Übungsleiterpauschale Gerichtsurteil im Finaztip-Newsletter

  • Hallo,


    im letzten Newsletter war von einem Urteil die Rede.


    Ich bin nicht sicher, ob ich das richtig verstanden habe. Bisher bin ich davon ausgegangen, dass die Ausgaben im Rahmen der Übungsleiterpauschale gar nicht berücksichtigt werden, weil es sich ja um eine Pauschale handelt. Also wenn ich z. B. im Jahr 3000 Euro aus Übungsleitertätigkeit einnehme, dann kann ich nur die 2400 Euro davon abziehen und erst von den restlichen 600, die dann als selbstständige Tätigkeit berechnet würden, Werbungskosten abziehen, so hatte mir das damals jemand in der Hotline des Finanzamtes erzählt.
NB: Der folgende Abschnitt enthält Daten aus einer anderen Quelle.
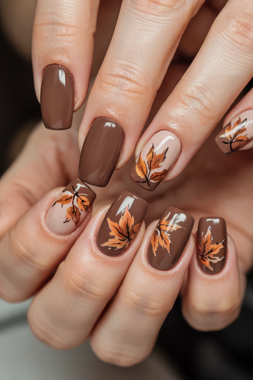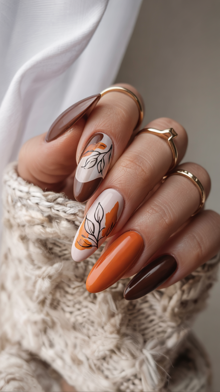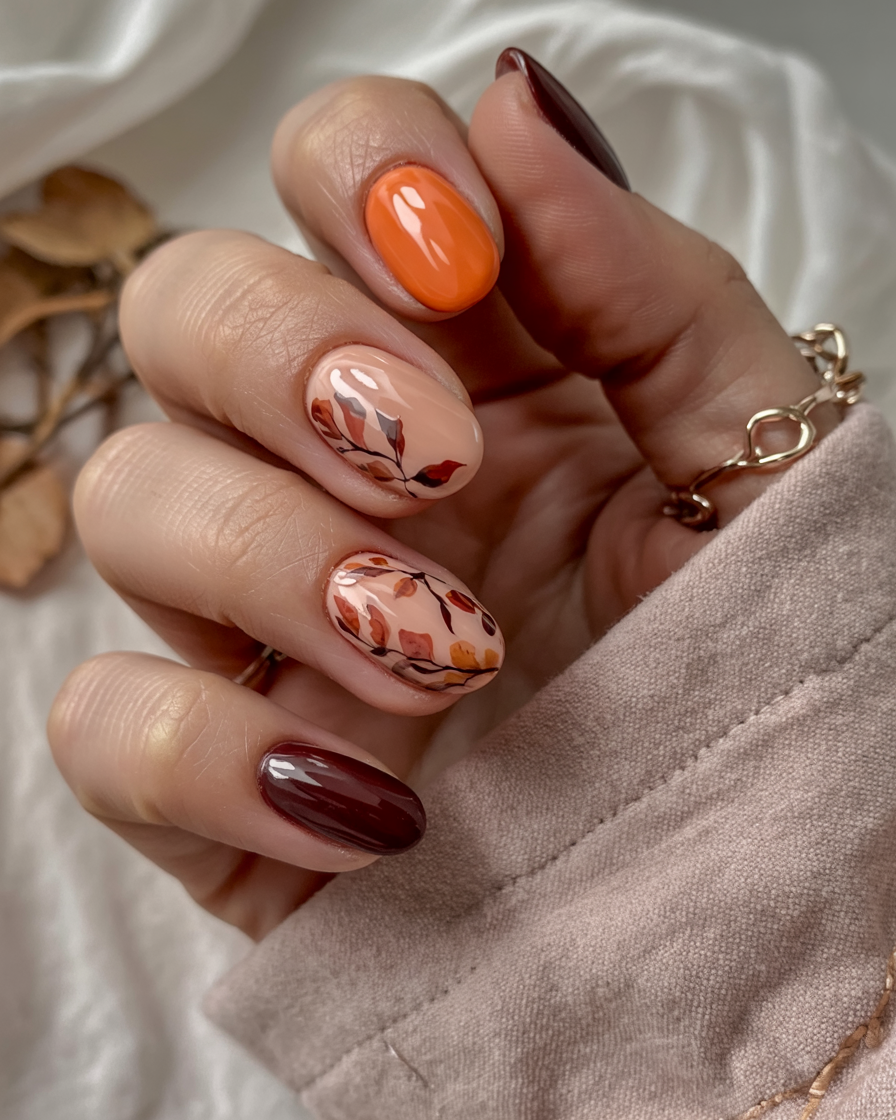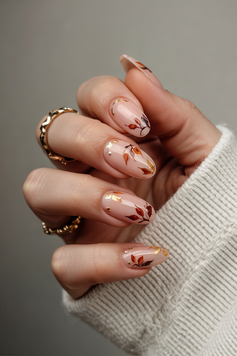 These nails whisper fall rather than shout it. They are gentle blushes of blush undertone and soft orange-brown details in leaves, and they seem a tranquil walk in a park when trees have just begun to change color. The flakes of gold capture the light in a delicate way, a very small and so valuable memory of the beauty of autumn.
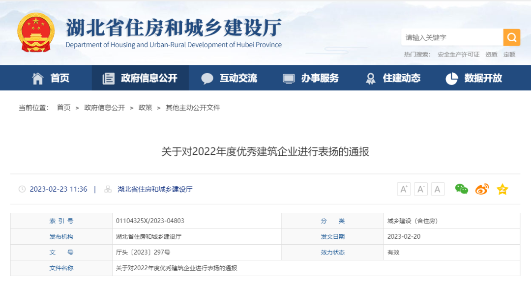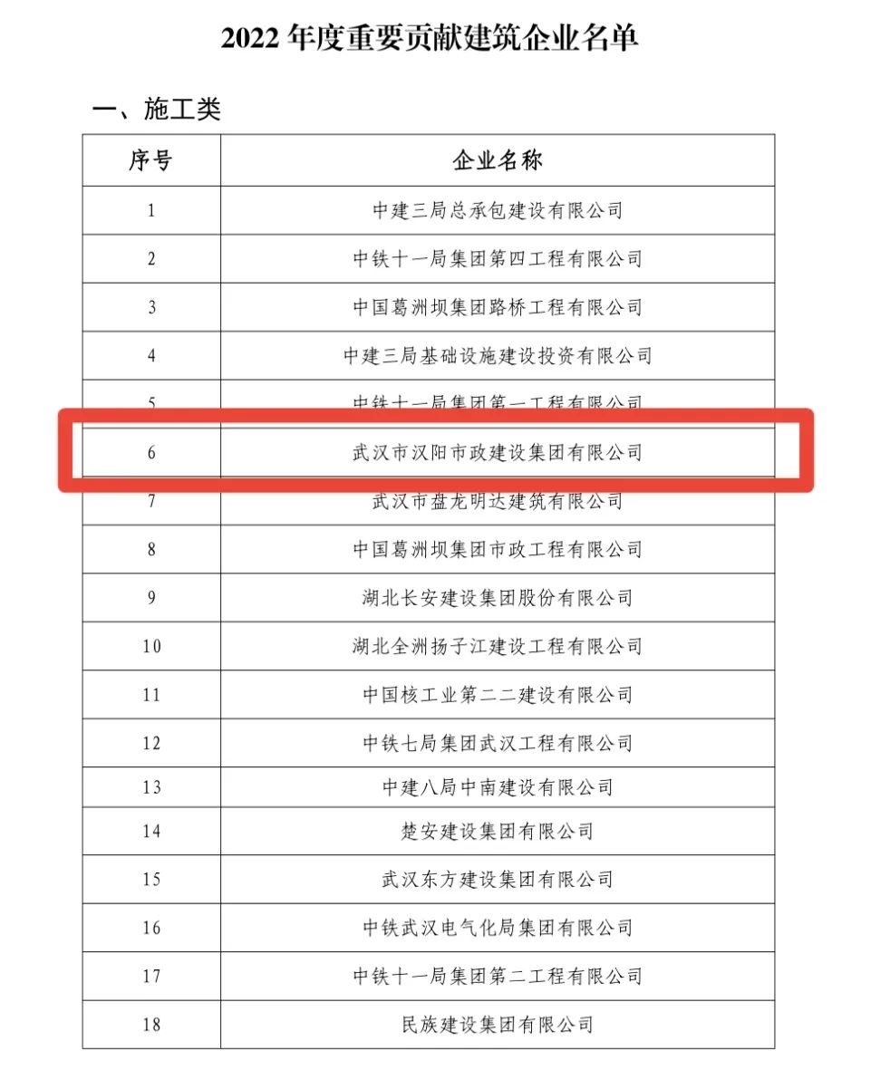 2月23日,湖北省住房和城鄉(xiāng)建設(shè)廳召開全省建筑業(yè)發(fā)展與管理工作會(huì)議,會(huì)上通報(bào)表揚(yáng)26家突出貢獻(xiàn)企業(yè)和114家重要貢獻(xiàn)企業(yè)。漢陽市政榜上有名,獲評“湖北省2022年度重要貢獻(xiàn)建筑企業(yè)”。
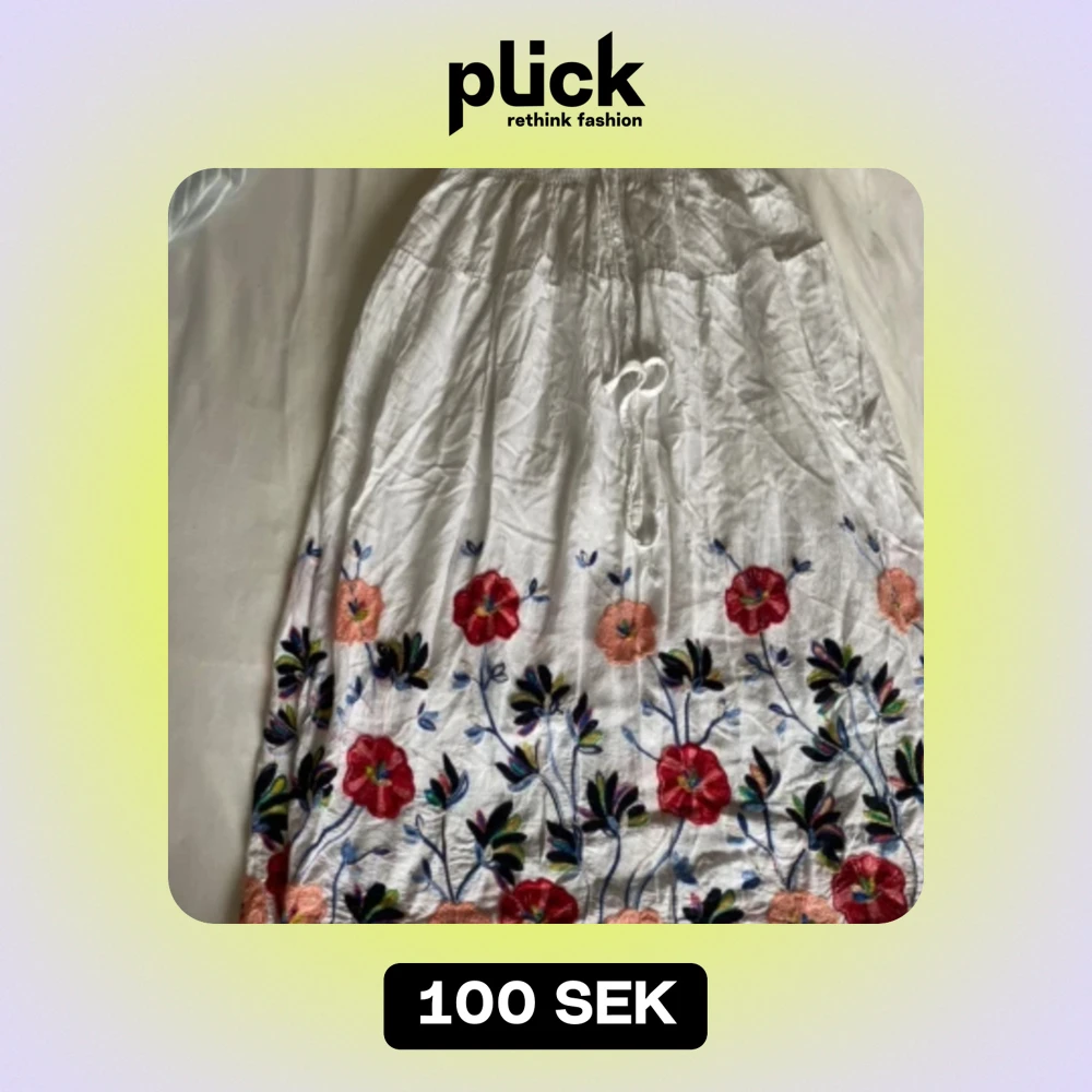 Säljer en superfin vit långkjol med färgglada broderade blommor. Kjolen har en elastisk midja med knytband för perfekt passform. Den är perfekt för sommarens alla fester och ger en bohemisk touch till din outfit. Materialet känns lätt och luftigt, vilket gör den idealisk för varma dagar.
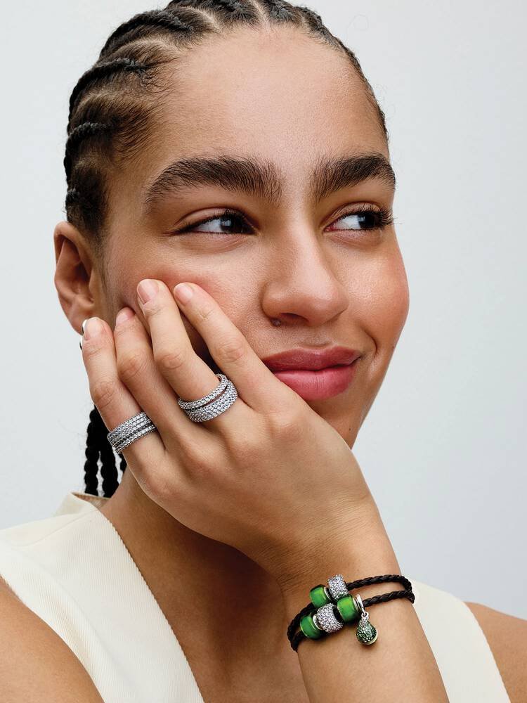 Embellece tus manos con el Anillo Barra silver con Logo Combinable. Este anillo en plata de primera ley se presenta con una forma geométrica, una estética minimalista y el icónico logo grabado encima de una barra plana. En el interior, una hilera de corazones le aportan textura y en el exterior, el brillo del metal pulido crea un juego de luz. Su fino perfil está pensando para ser combinado con el resto de tus otros anillos favoritos.
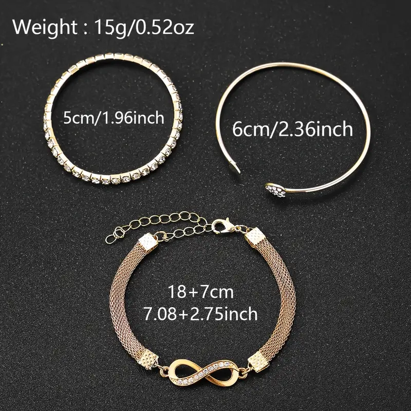 عدد القطع: 4 قطع (ساعة + 3 أساور متنوعة)
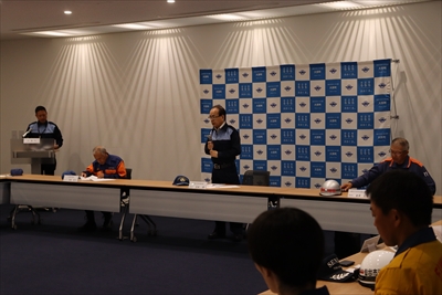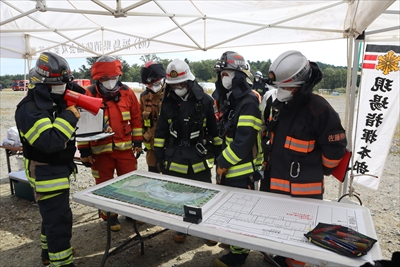 各関係機関代表者が大熊町役場本庁舎2階会議室に集まり、災害概要の情報共有を図り、各隊の活動役割を確認しました。
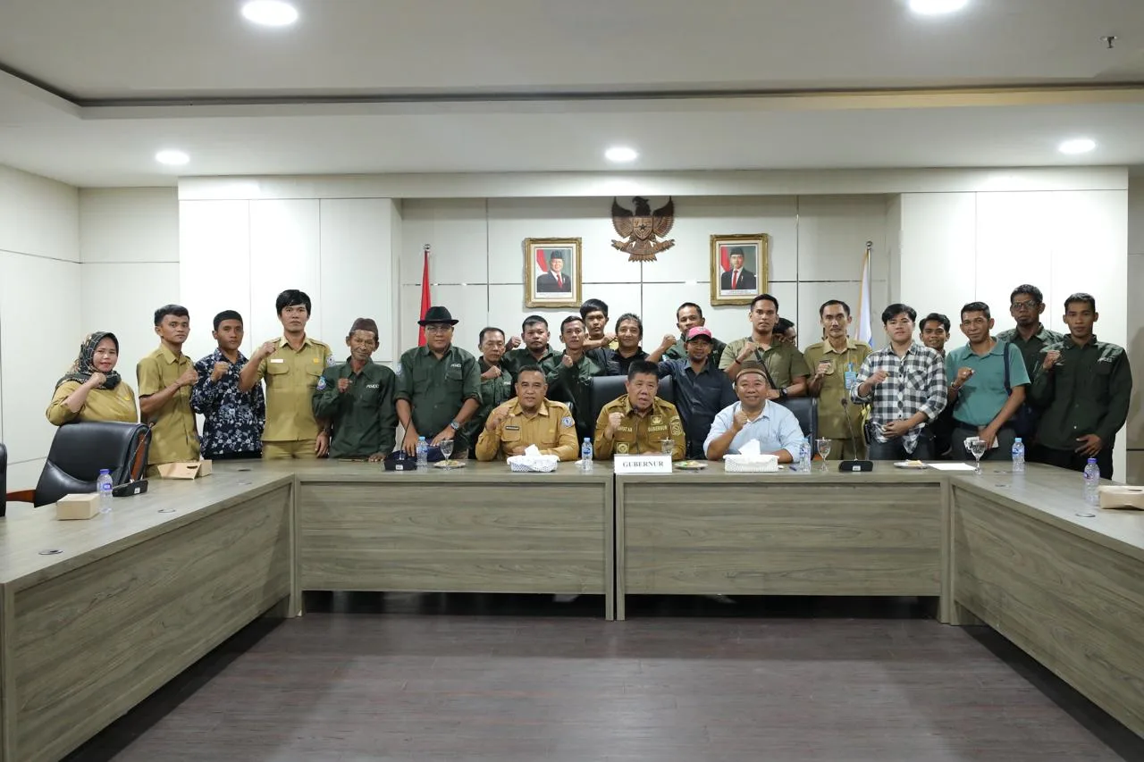 PANGKALPINANG, LASPELA— Gubernur Kepulauan Bangka Belitung (Babel) Hidayat Arsani menerima audiensi rombongan perangkat desa se-Kecamatan Lepar, Kabupaten Bangka Selatan, dalam rangka mencari solusi atas sengketa lahan antara masyarakat dengan pihak perusahaan perkebunan kelapa sawit PT Swarna Nusa Sentosa (SNS). Pertemuan berlangsung di Ruang Tanjung Pendam, Kantor Gubernur Babel, Selasa (21/10/2025).
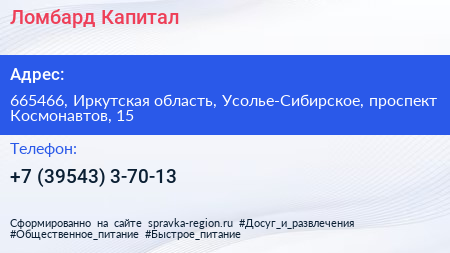Ломбард Капитал по адресу 665466, Иркутская область, Усолье-Сибирское, проспект Космонавтов, 15 в дальнейшем Организация, размещена в следующих категориях:
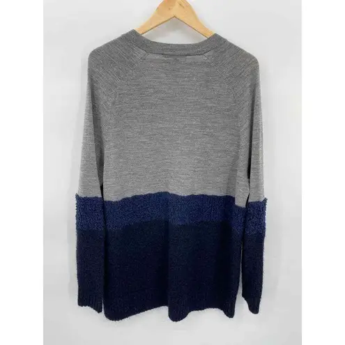 TIBI Cardigan Sweater Womens Small - oversized Gray Blue Stripe Fuzzy Knit Pockets Button Front 50%... Show more
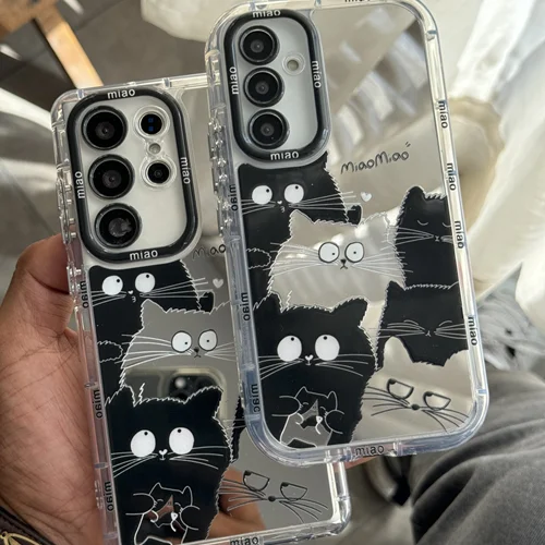 کاور موبایل سامسونگ گربه بلک اند وایت آیینه ای

    Ich arbeite nämlich für einen Verein mit Kindern, da fahren wir z. B. auf Freizeiten etc. und dafür entstehen bei mir auch Kosten (Reisekosten, Materialien, Verpflegungsmehraufwand vielleicht sogar) und das rechne ich immer über diese Pauschale ab. das letzte Jahr war ich eh unter den 2400 €, aber das Jahr davor war ich z. B. darüber und falls ich zukünftig noch mal darüber komme, wäre für mich interessant das zu wissen.


    Liebe Grüße und einen schönen Tag :-)

  • Also, unser Steuerexperte sagt:


    "im folgenden Ratgeber
    https://www.finanztip.de/uebungsleiterpauschale/
    steht unter 5. ausführlich wie man einen Verlust aus einer Übungsleitertätigkeit geltend machen kann.
    Das neue BFH-Urteil stellt jetzt klar, dass ein Verlust auch dann möglich ist, wenn die Einnahmen sogar niedriger sind als die 2.400 Euro-Pauschale. Insofern bestätigt es die Berechnung des dort dargestellten Beispiels Tanzsport-Übungsleiter (FG Rheinland-Pfalz vom 23.5.2011). Manche Finanzämter haben das bislang anders berechnet."